Collected data:

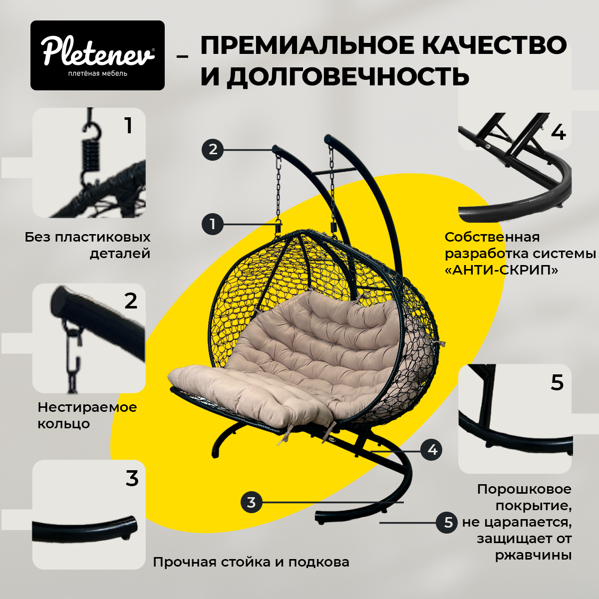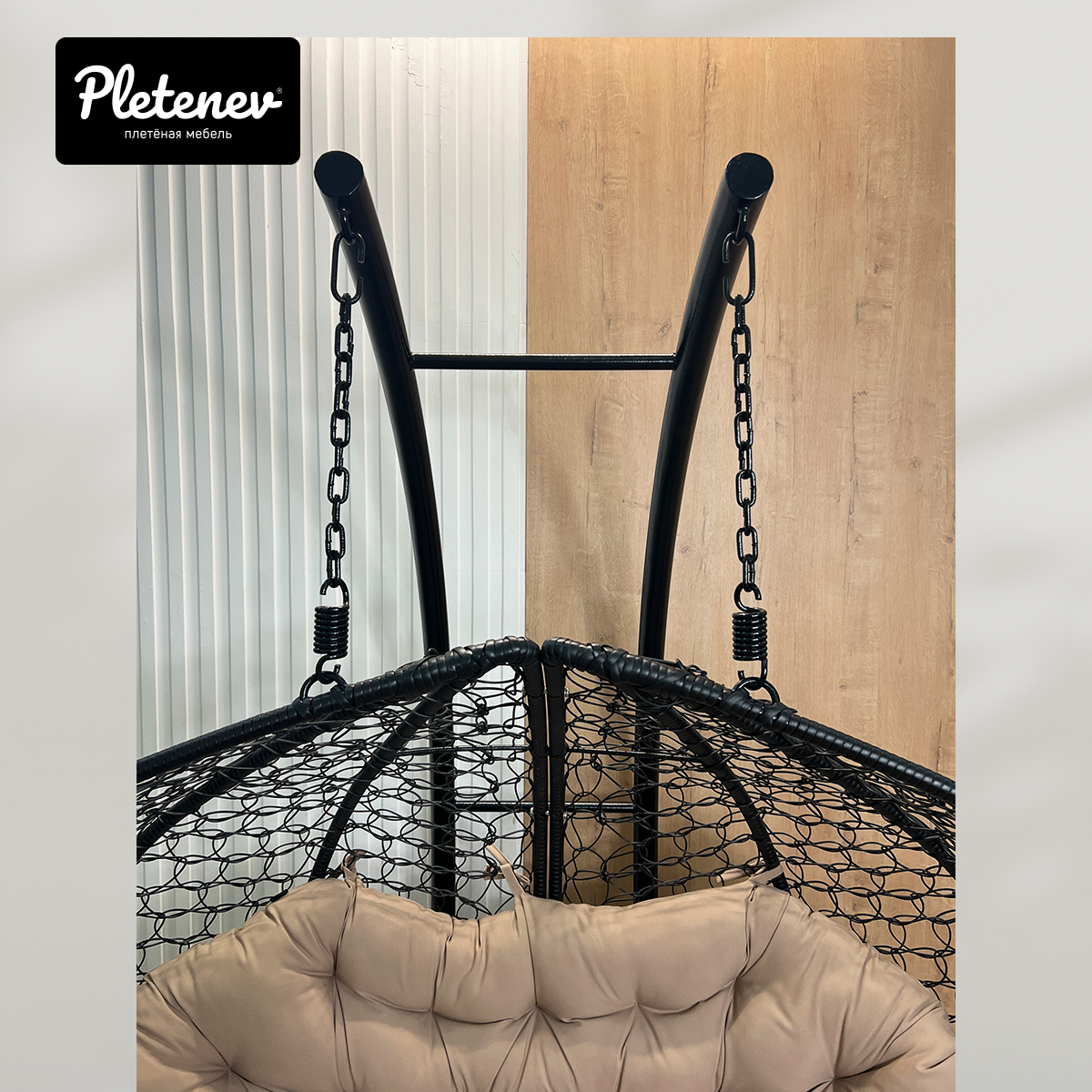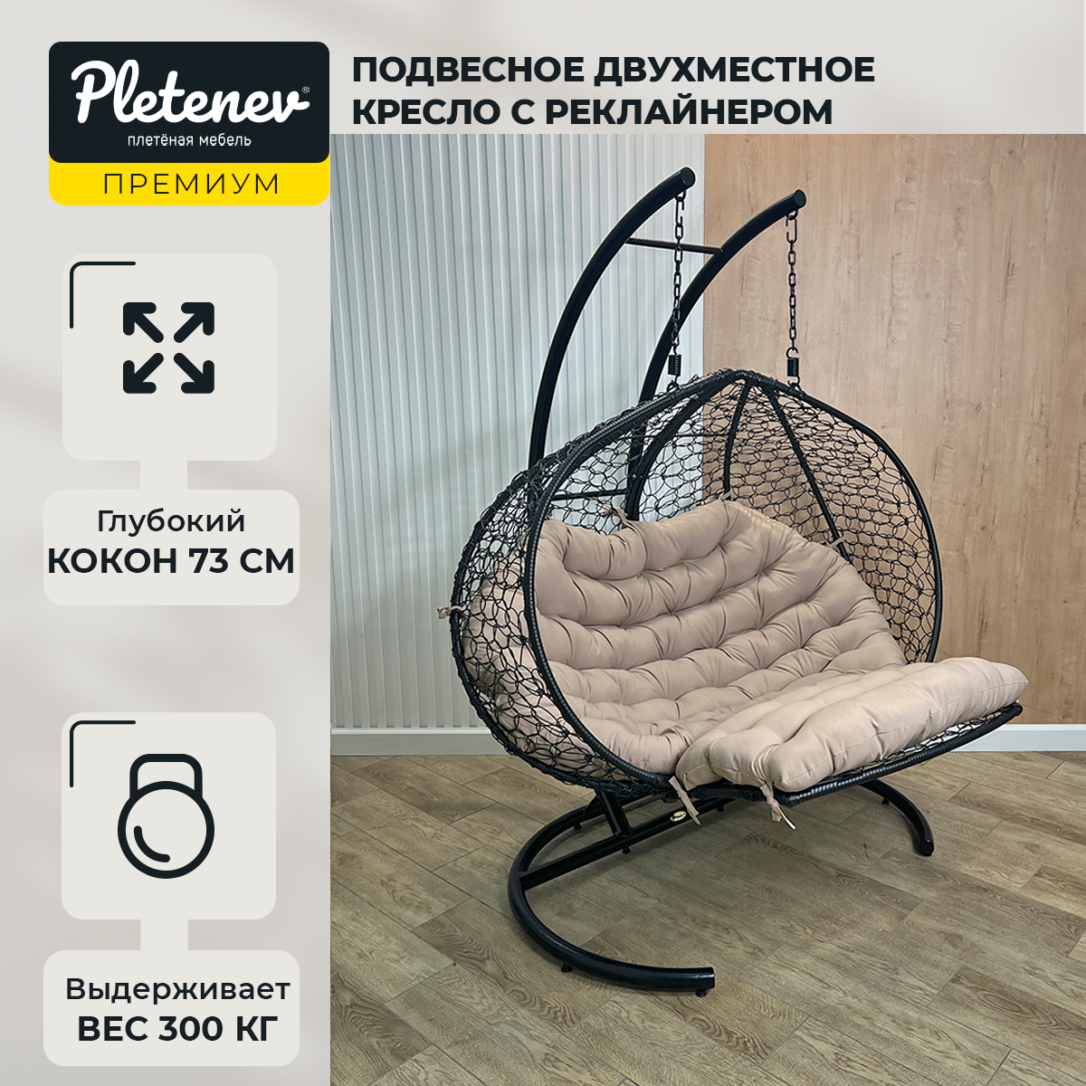 Купить Подвесное кресло Pletenev Двухместное Реклайнер Черное с Темно-бежевой подушкой
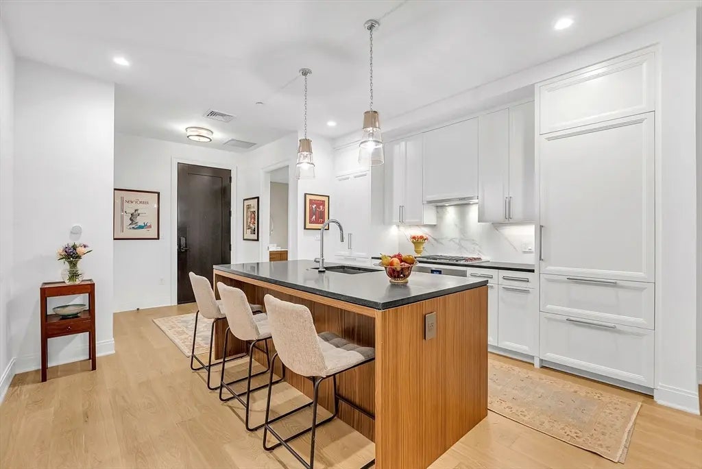 Exceptionally located just a 5-min stroll from both Linden & Wellesley Squares, & steps from the Wellesley Square Commuter Rail station, this home with a courtyard view also includes garage parking for 2 cars, soaring 9’ ceilings & floor-to-ceiling windows, powder room, white oak floors that deliver a warm and timeless sophistication. The gourmet kitchen features Sub-Zero refrigeration & Wolf appliances, generous island, white custom cabinetry, & honed VT Black granite countertops. The primary suite includes walk-in shower, radiant-heated bathroom tiled floors, two expansive California Closets. Step outside to your own private patio to enjoy fresh air and quiet retreat. Premium amenities: concierge service, a beautifully appointed landscaped courtyard w/gas fireplace & grilling stations, fitness ctr w/flex studio, a golf/sports simulator, club room w/catering kitchen, private conference room, pet spa, bike storage, and EV charging. Home available furnished for $1,575,000.
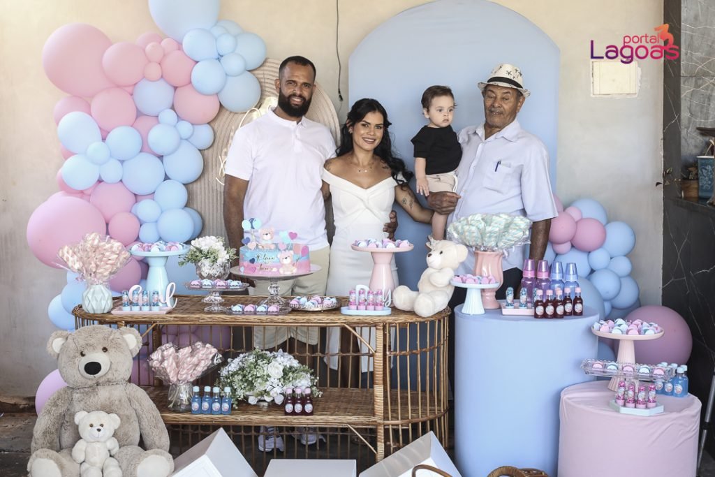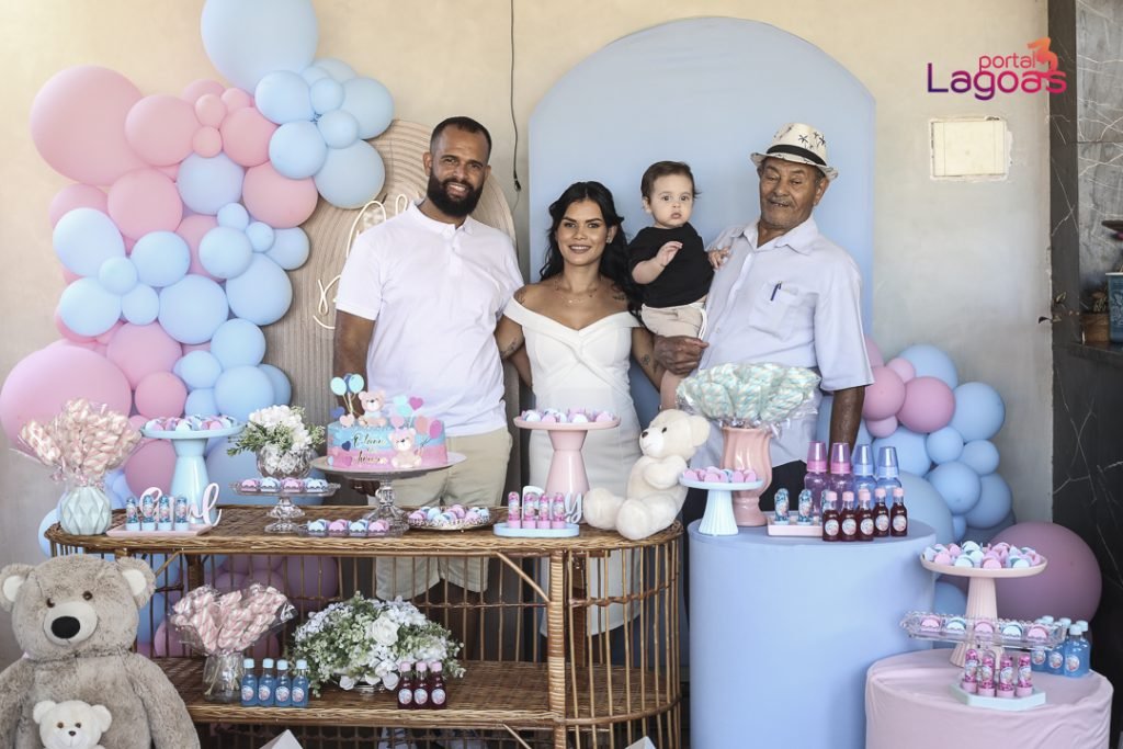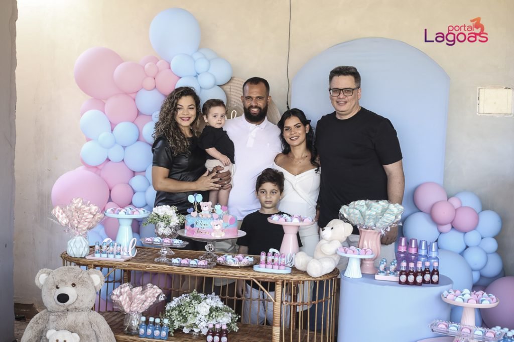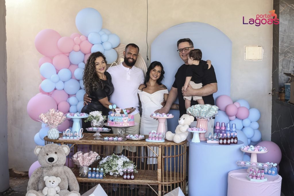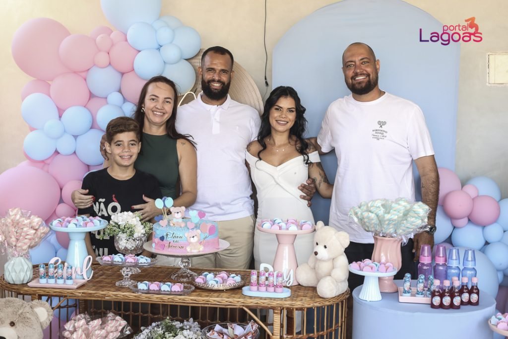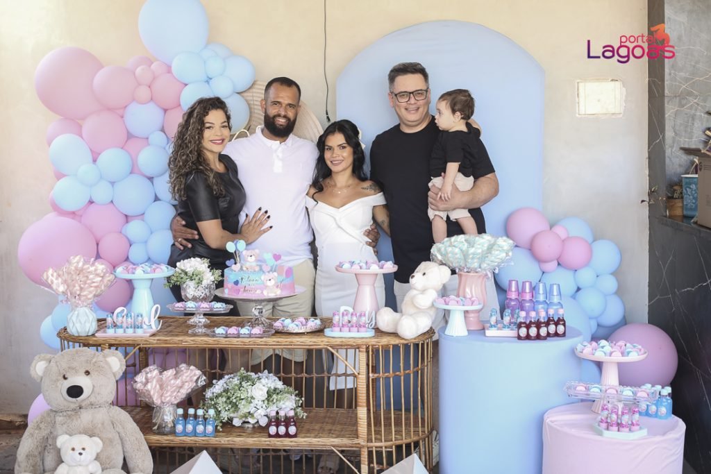 Familiares e amigos mais próximos se uniram nesse momento único, onde o amor e a expectativa pairavam no ar. Um delicioso almoço embalou a celebração, que ganhou ainda mais cor e risadas com brincadeiras animadíssimas, contagiando a todos os presentes.
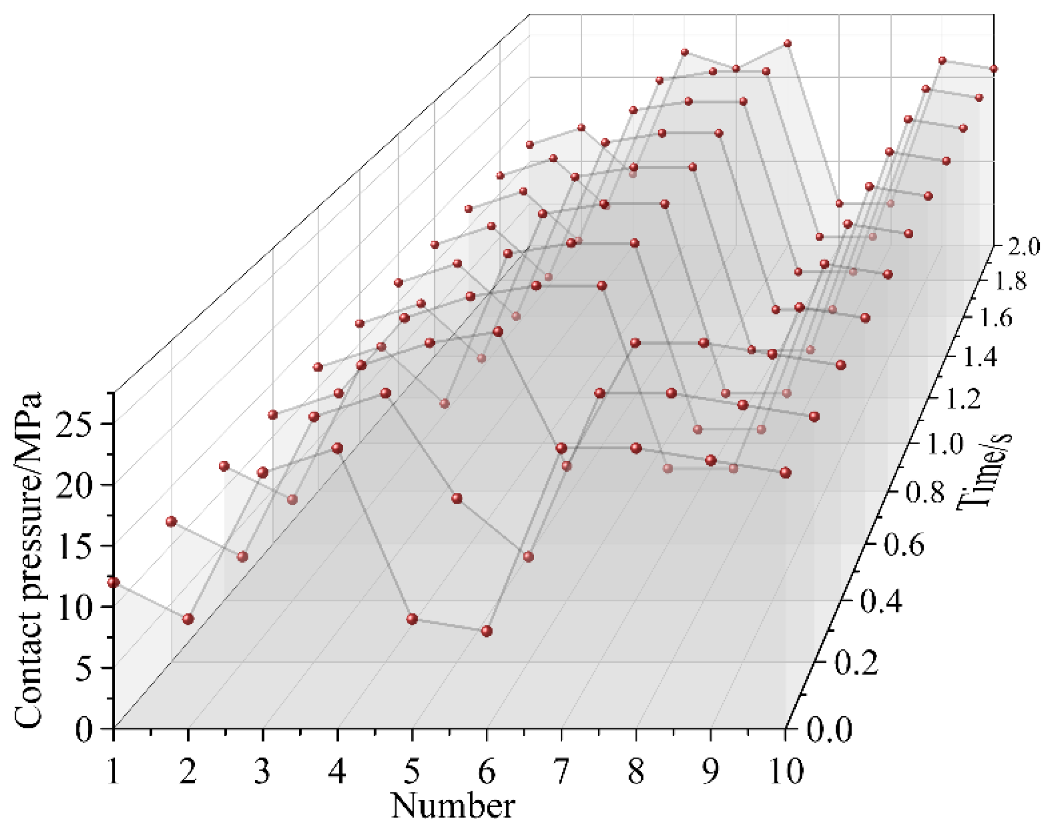Figure 7). The average contact pressure time-sequence distribution of each protrusion during the simulation (0–2 s) is shown in
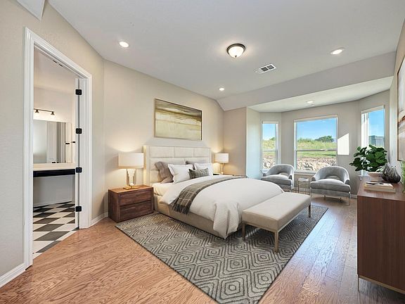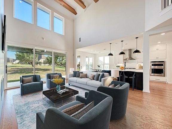 Set on almost an acre backing to a tranquil greenbelt, this refined Ashton Woods residence in the coveted Cortaro community offers an exceptional blend of space, privacy, and elevated design—all within the acclaimed Dripping Springs ISD and just minutes to schools, HEB, the Hill Country Galleria, and popular vineyards and breweries. Thoughtfully crafted across two levels, the home features 4 bedrooms, a dedicated study, formal dining, 3.5 baths, an expansive upstairs game room, and a media room. Soaring vaulted ceilings with exposed beams crown the luminous great room, where sliders open to a covered outdoor living space. Oversized transom windows invite serene natural light throughout, creating a seamless connection to the surrounding landscape. The chef’s kitchen is equally impressive, anchored by a substantial center island, framed in custom shaker cabinetry, and appointed with premium granite surfaces, stainless appliances, a butler's pantry with cafe counter, and a charming breakfast nook with built-in seating. The main-level primary suite is a peaceful retreat overlooking the backyard and greenbelt beyond. It offers a custom walk-in closet and spa-like bath with separate vanities, a freestanding soaking tub, and a glass-enclosed shower. A guest bathroom and in home laundry room round out the main floor. Upstairs you can really spread out with 3 bedrooms, 2 full bathrooms, a game room, plus an awesome media room with theater seating and potential for a 5th bedroom conversion. Outdoor living is equally impressive with both front and rear covered patios—ideal for enjoying Hill Country sunsets or game day gatherings. The covered back patio features remote control retractable screens, plus there is ample space to design your ideal outdoor oasis, add a pool, and more. The spacious three-car garage provides room for storage or a workshop. A rare opportunity where design, comfort, and setting align—schedule your showing today.

## Work item
Set the data above down again exactly as given, with no pictures.

## Task answer
 Купить Подвесное кресло Pletenev Двухместное Реклайнер Черное с Темно-бежевой подушкой
 Exceptionally located just a 5-min stroll from both Linden & Wellesley Squares, & steps from the Wellesley Square Commuter Rail station, this home with a courtyard view also includes garage parking for 2 cars, soaring 9’ ceilings & floor-to-ceiling windows, powder room, white oak floors that deliver a warm and timeless sophistication. The gourmet kitchen features Sub-Zero refrigeration & Wolf appliances, generous island, white custom cabinetry, & honed VT Black granite countertops. The primary suite includes walk-in shower, radiant-heated bathroom tiled floors, two expansive California Closets. Step outside to your own private patio to enjoy fresh air and quiet retreat. Premium amenities: concierge service, a beautifully appointed landscaped courtyard w/gas fireplace & grilling stations, fitness ctr w/flex studio, a golf/sports simulator, club room w/catering kitchen, private conference room, pet spa, bike storage, and EV charging. Home available furnished for $1,575,000.
 Familiares e amigos mais próximos se uniram nesse momento único, onde o amor e a expectativa pairavam no ar. Um delicioso almoço embalou a celebração, que ganhou ainda mais cor e risadas com brincadeiras animadíssimas, contagiando a todos os presentes.
Figure 7). The average contact pressure time-sequence distribution of each protrusion during the simulation (0–2 s) is shown in
 Set on almost an acre backing to a tranquil greenbelt, this refined Ashton Woods residence in the coveted Cortaro community offers an exceptional blend of space, privacy, and elevated design—all within the acclaimed Dripping Springs ISD and just minutes to schools, HEB, the Hill Country Galleria, and popular vineyards and breweries. Thoughtfully crafted across two levels, the home features 4 bedrooms, a dedicated study, formal dining, 3.5 baths, an expansive upstairs game room, and a media room. Soaring vaulted ceilings with exposed beams crown the luminous great room, where sliders open to a covered outdoor living space. Oversized transom windows invite serene natural light throughout, creating a seamless connection to the surrounding landscape. The chef’s kitchen is equally impressive, anchored by a substantial center island, framed in custom shaker cabinetry, and appointed with premium granite surfaces, stainless appliances, a butler's pantry with cafe counter, and a charming breakfast nook with built-in seating. The main-level primary suite is a peaceful retreat overlooking the backyard and greenbelt beyond. It offers a custom walk-in closet and spa-like bath with separate vanities, a freestanding soaking tub, and a glass-enclosed shower. A guest bathroom and in home laundry room round out the main floor. Upstairs you can really spread out with 3 bedrooms, 2 full bathrooms, a game room, plus an awesome media room with theater seating and potential for a 5th bedroom conversion. Outdoor living is equally impressive with both front and rear covered patios—ideal for enjoying Hill Country sunsets or game day gatherings. The covered back patio features remote control retractable screens, plus there is ample space to design your ideal outdoor oasis, add a pool, and more. The spacious three-car garage provides room for storage or a workshop. A rare opportunity where design, comfort, and setting align—schedule your showing today.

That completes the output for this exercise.